# Task to complete:
Retype the listing exactly; omit pictures.

# Information provided:
Content starts

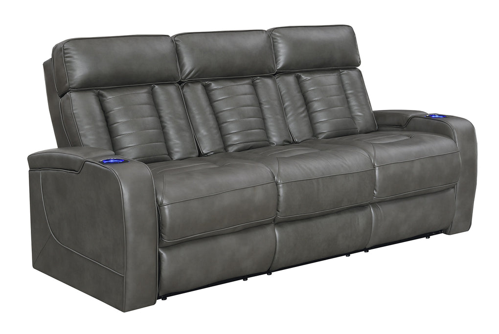 Power Reclining sofa with power headrest, dropdown table, reading light, power outlets and wireless qi charging, lighted cupholder controls with USB, arm storage, and made up in a breathable polyurethane that provides durability and comfort.
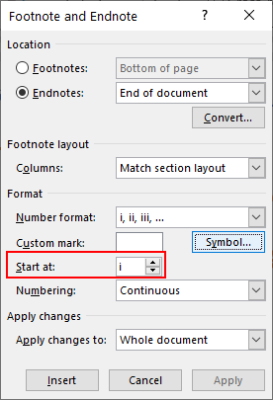 برای شروع پینوشت یا پانویس در ورد از یک نقطه خاص، گزینه مد نظر خود را از کادر «Start at» انتخاب کنید.
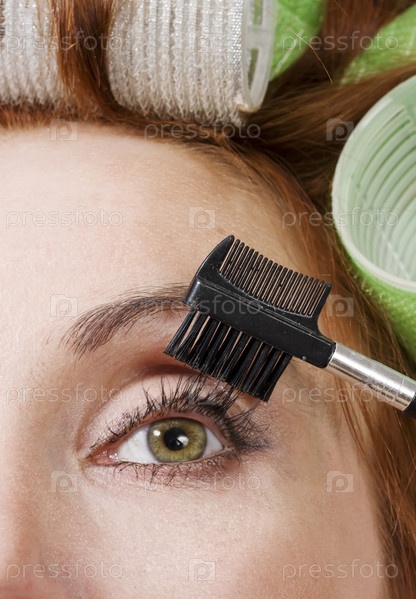 Женщина в бигудях делает макияж

Content ends

# Written solution:
 Power Reclining sofa with power headrest, dropdown table, reading light, power outlets and wireless qi charging, lighted cupholder controls with USB, arm storage, and made up in a breathable polyurethane that provides durability and comfort.
 برای شروع پینوشت یا پانویس در ورد از یک نقطه خاص، گزینه مد نظر خود را از کادر «Start at» انتخاب کنید.
 Женщина в бигудях делает макияж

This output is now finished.